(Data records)
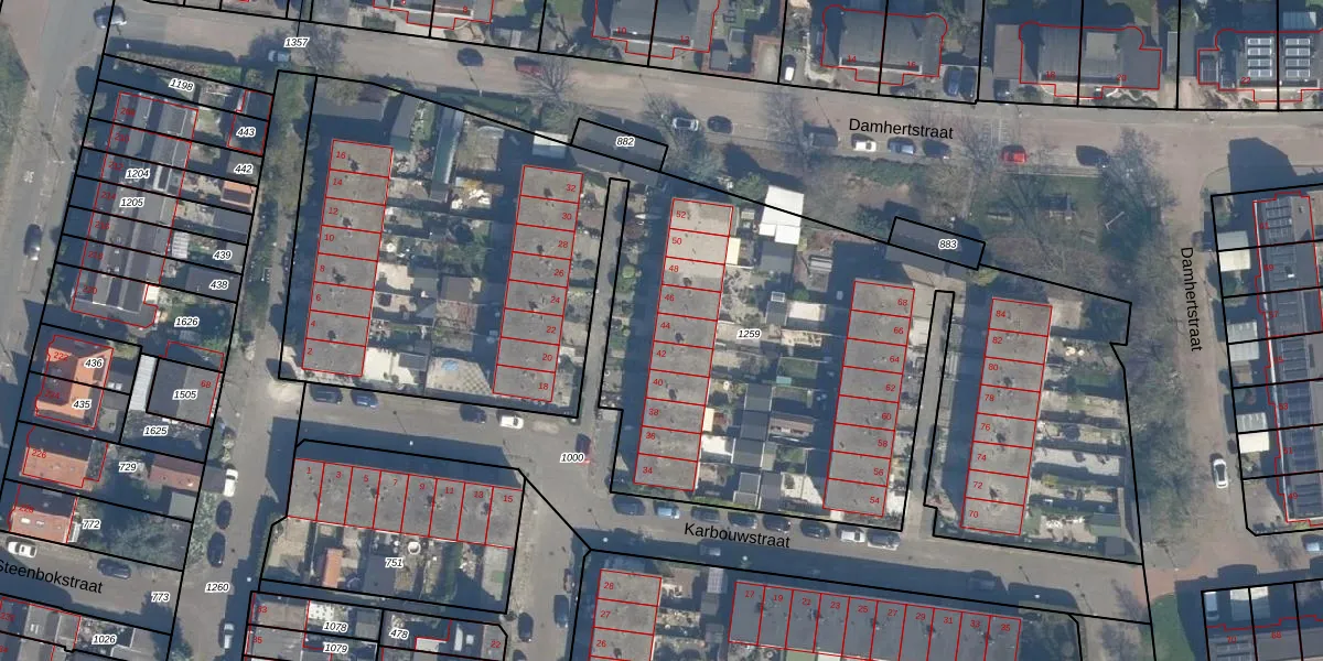 Het perceel waarop Karbouwstraat 44 staat heeft een oppervlakte van 5330 m². Dit is een zeer groot perceel. De perceeloppervlakte wordt geregistreerd door het Kadaster. Gedetailleerde informatie over de maten van dit perceel kunt u vinden in het rapport Kadastrale kaart met maatvoering van Karbouwstraat 44.
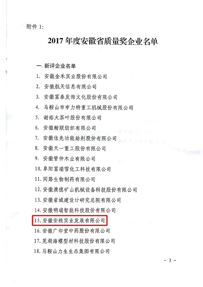 熱烈祝賀安糧實業(yè)榮獲“2017年度安徽省質(zhì)量獎”
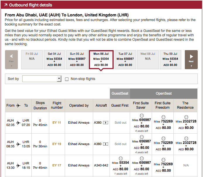 As you can see from these example awards below, it'll cost you about 2.33 million Etihad miles to book the Residence just one-way from Abu Dhabi to London. A First Suite Saver award is about 657,000 miles, while a regular first class seat aboard one of the airline's A340's is just 55,354 miles each way. So it costs you 42 times as many miles to book a Residence!
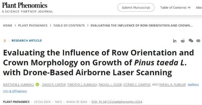 Plant Phenomics | 基于無(wú)人機(jī)激光掃描技術(shù)探索行列方向與樹冠形態(tài)對(duì)火炬松生長(zhǎng)的影響
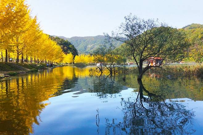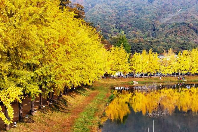 충북 괴산의 문광저수지는 은행나무로 둘러싸인 저수지가 있다. 저수지 주변 약 2km 길을 따라 200여 그루의 은행나무가 심어져 있다. 가을이면 노랗게 물든 은행잎이 장관을 이룬다. SNS 포토스팟으로도 유명한데, 이유는 저수지의 맑은 물에 비친 은행나무의 모습이 그림처럼 예쁘기 때문이다. 덕분에 '동백꽃 필 무렵'과 '더킹: 영원의 군주' 등 여러 드라마 촬영지로도 소개됐다. 은행나무길의 절정 시기는 10월 중순부터 11월 중순까지다. 이 시기에 방문하면 가장 아름다운 풍경을 감상할 수 있다. 결혼해서 아이가 있다면 더욱 추천한다. 문광저수지 인근에는 소금랜드, 소나무공원, 야생화공원, 햇살광장, 어린이놀이터 등 다양한 시설이 있어 가족 방문객들도 많이 찾는다.
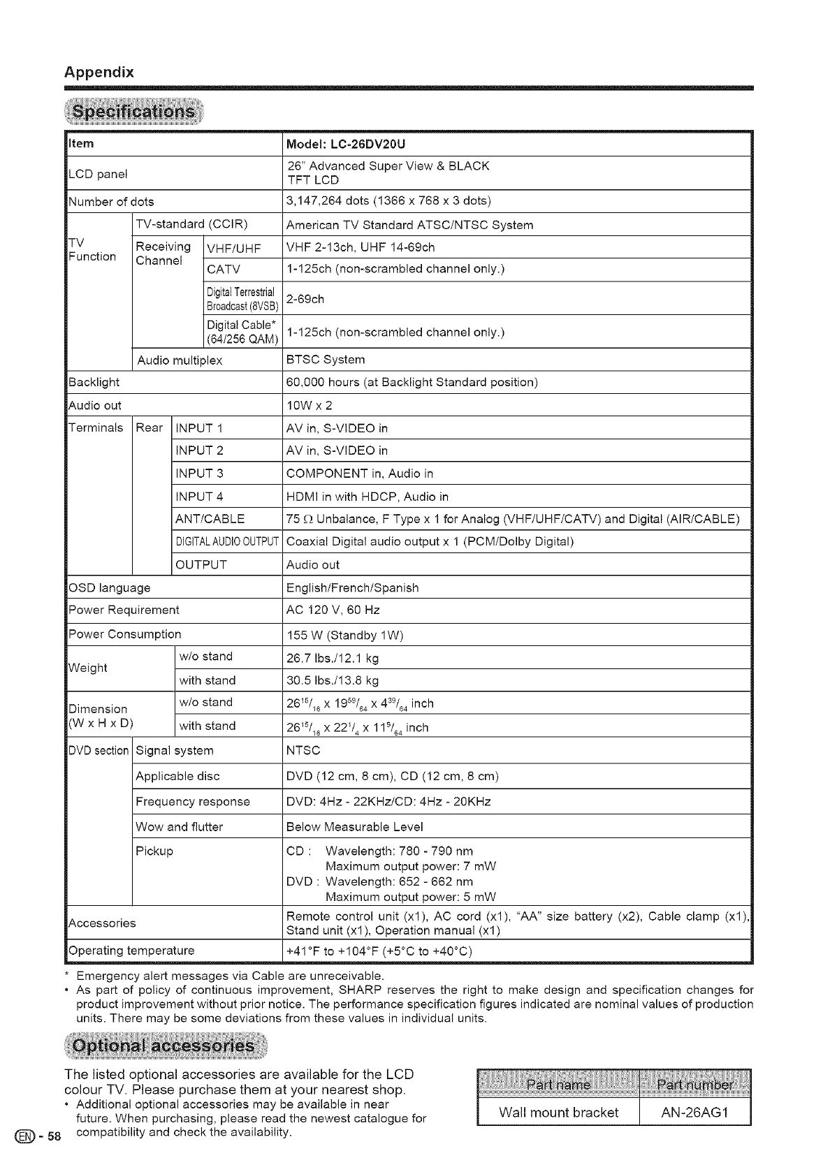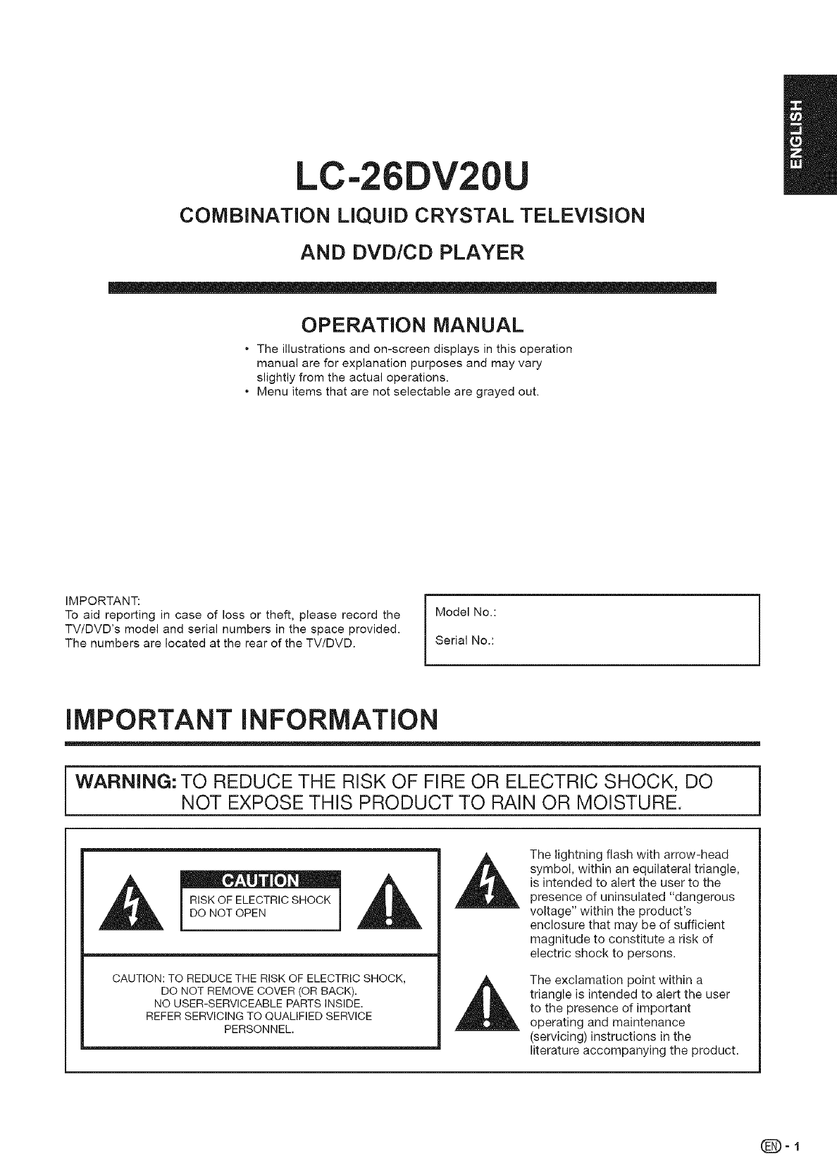 User Manual: Sharp LC-26DV20U LC-26DV20U SHARP TV LCD - Manuals and Guides View the owners manual for your SHARP TV LCD #LC26DV20U. Home:Electronics Parts:Sharp Parts:Sharp TV LCD Manual
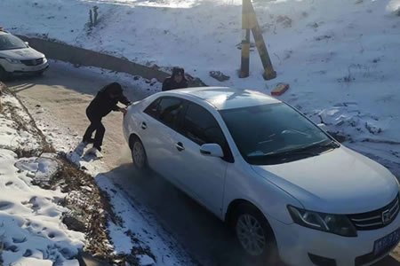 汽車冬季涵洞打滑 肇東公安緊急救援
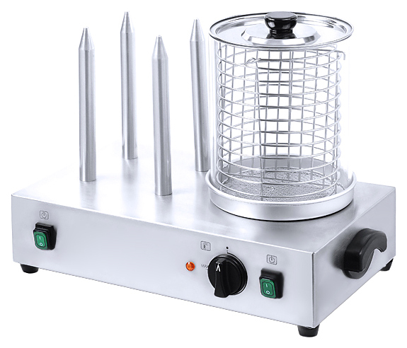 Конструкция аппарата включает паровую камеру цилиндрической формы с прозрачной дверцей для сосисок и платформу с 4-мя штырьками для подогрева булочек. Исполнение – нержавеющая сталь. Может использоваться для приготовления не только хот-догов, но и других блюд на пару.
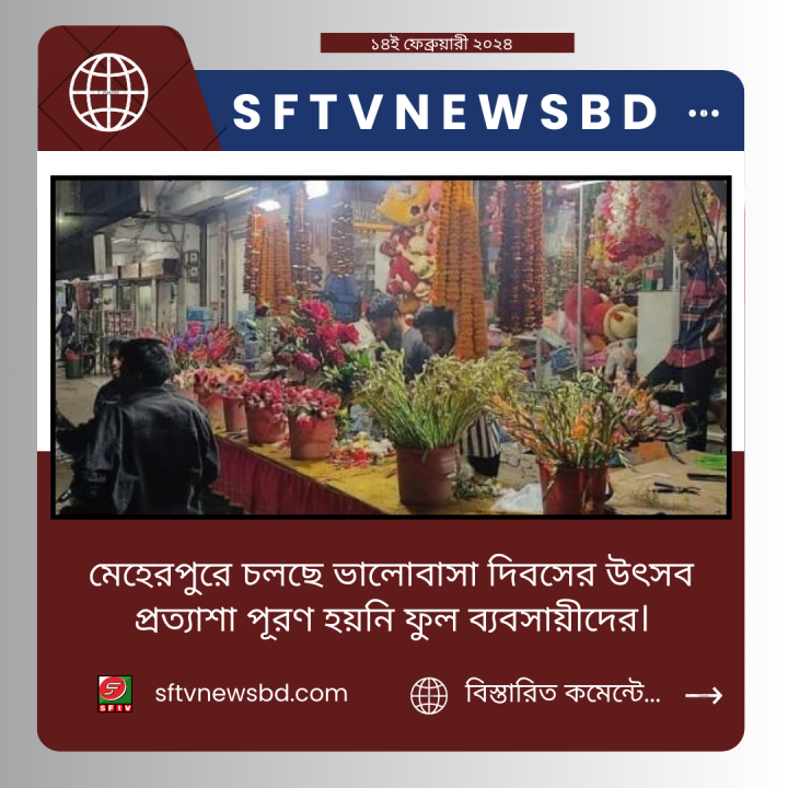 এদিকে মেহেরপুরে চলছে ভালোবাসা দিবসের বিভিন্ন উৎসব। তবে প্রত্যাশা পূরণ হয়নি এই এলাকার ফুল ব্যবসায়ীদের। অন্যান্য বছরগুলোতে এই দিবসটিতে লক্ষ লক্ষ টাকার ফুল বিক্রি হলেও এবছর ফুল ব্যবসায়ীদের তেমন একটা বিক্রি হয়নি বলে জানা গেছে। ফুল ব্যবসায়ীরা ধারণা করছেন স্কুল কলেজ বন্ধ এবং এসএসসি পরীক্ষার কারণে অনেকেই ঘর থেকে বের হতে পারেনি,আবার এবছর বাজারে বেশি দামে ফুল কিনতে হচ্ছে, অনেকেই আবার ফুল কিনে নিয়ে গেছে বাবা মা ভাই বোন সহ প্রিয়জনদের জন্য। মেহেরপুর শহরের হোটেল বাজারে ফুল কিনতে আসা কলেজ পড়ুয়া শিক্ষার্থী সামিয়া আক্তার বলেন আসলে ভালোবাসার কোন দিবস হয় না, তবে তারপরেও বলে না প্রচলিত হয়ে গেছে সেজন্যই আমিও আমার বাবা-মা ভাই বোনদের সাথে দিবসটি উদযাপন করার জন্য ফুল কিনতে এসেছি ফুল কিনেছিও বেশ কিছু। শহরের বড় বাজারে এলাকায় ফুল কিনতে আসা এস এ শিল্টু নামের এক যুবকের সাথে কথা বললে তিনি বলেন, ফুল কিনতে এসেছি কিন্তু ফুলের যে দাম অন্যান্য সময়ের চারগুণ। এক একটা গোলাপ ফুল বিক্রি হচ্ছে ৪০ থেকে ৫০ টাকা পিচ। এত টাকা দিয়ে ফুল কেনাও কষ্টের বিষয়।
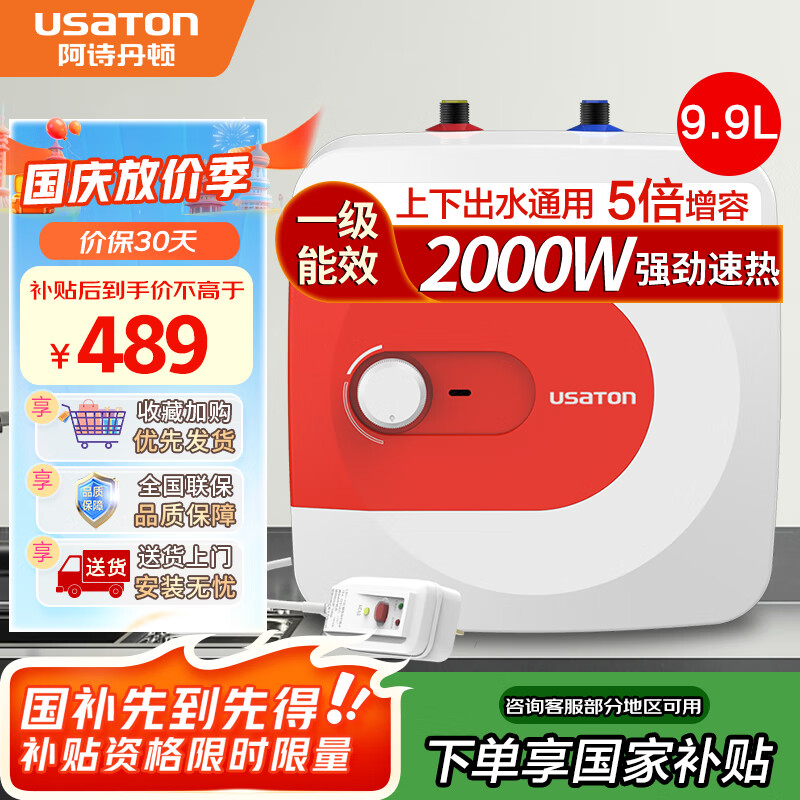 阿诗丹顿(USATON)9.9升小厨宝厨房储水电热水器约10升L一级能效2000W上出水下出水国家补贴 KX06-9.9J20
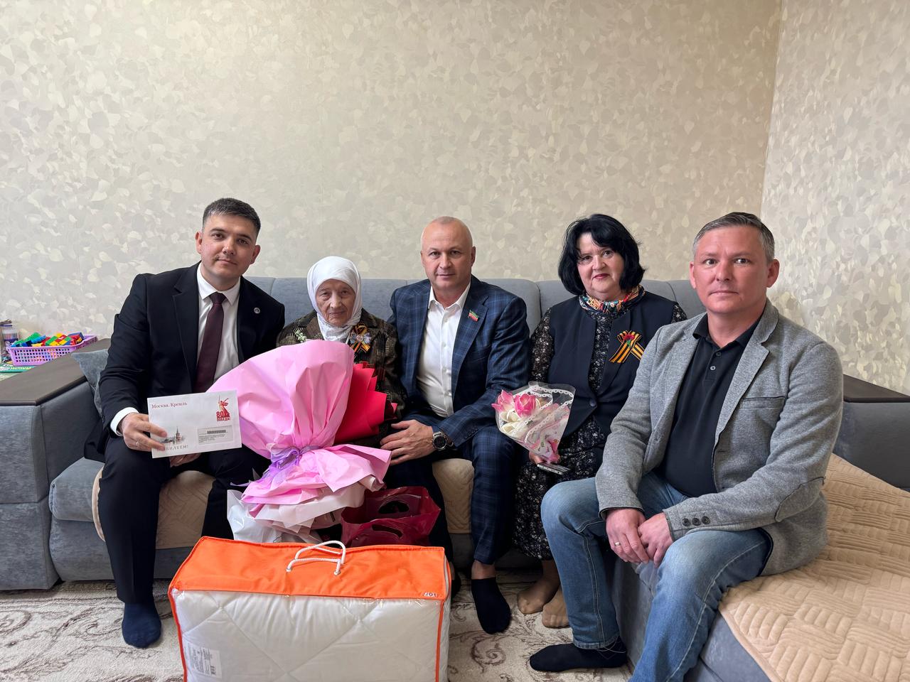 Россия Федерациясе Президенты Владимир Путин һәм Чаллы хакиме Наил Мәһдиев исеменнән юбилярны Үзәк районы хакимияте башлыгы Фидәрис Хәбибуллин котлады.

### EXERCISE PROMPT
Set down the records above word for word, from the first line through the line containing "Plant Phenomics |", both included; leave out the pictures.

### RESULT
 Het perceel waarop Karbouwstraat 44 staat heeft een oppervlakte van 5330 m². Dit is een zeer groot perceel. De perceeloppervlakte wordt geregistreerd door het Kadaster. Gedetailleerde informatie over de maten van dit perceel kunt u vinden in het rapport Kadastrale kaart met maatvoering van Karbouwstraat 44.
 熱烈祝賀安糧實業(yè)榮獲“2017年度安徽省質(zhì)量獎”
 As you can see from these example awards below, it'll cost you about 2.33 million Etihad miles to book the Residence just one-way from Abu Dhabi to London. A First Suite Saver award is about 657,000 miles, while a regular first class seat aboard one of the airline's A340's is just 55,354 miles each way. So it costs you 42 times as many miles to book a Residence!
 Plant Phenomics | 基于無(wú)人機(jī)激光掃描技術(shù)探索行列方向與樹冠形態(tài)對(duì)火炬松生長(zhǎng)的影響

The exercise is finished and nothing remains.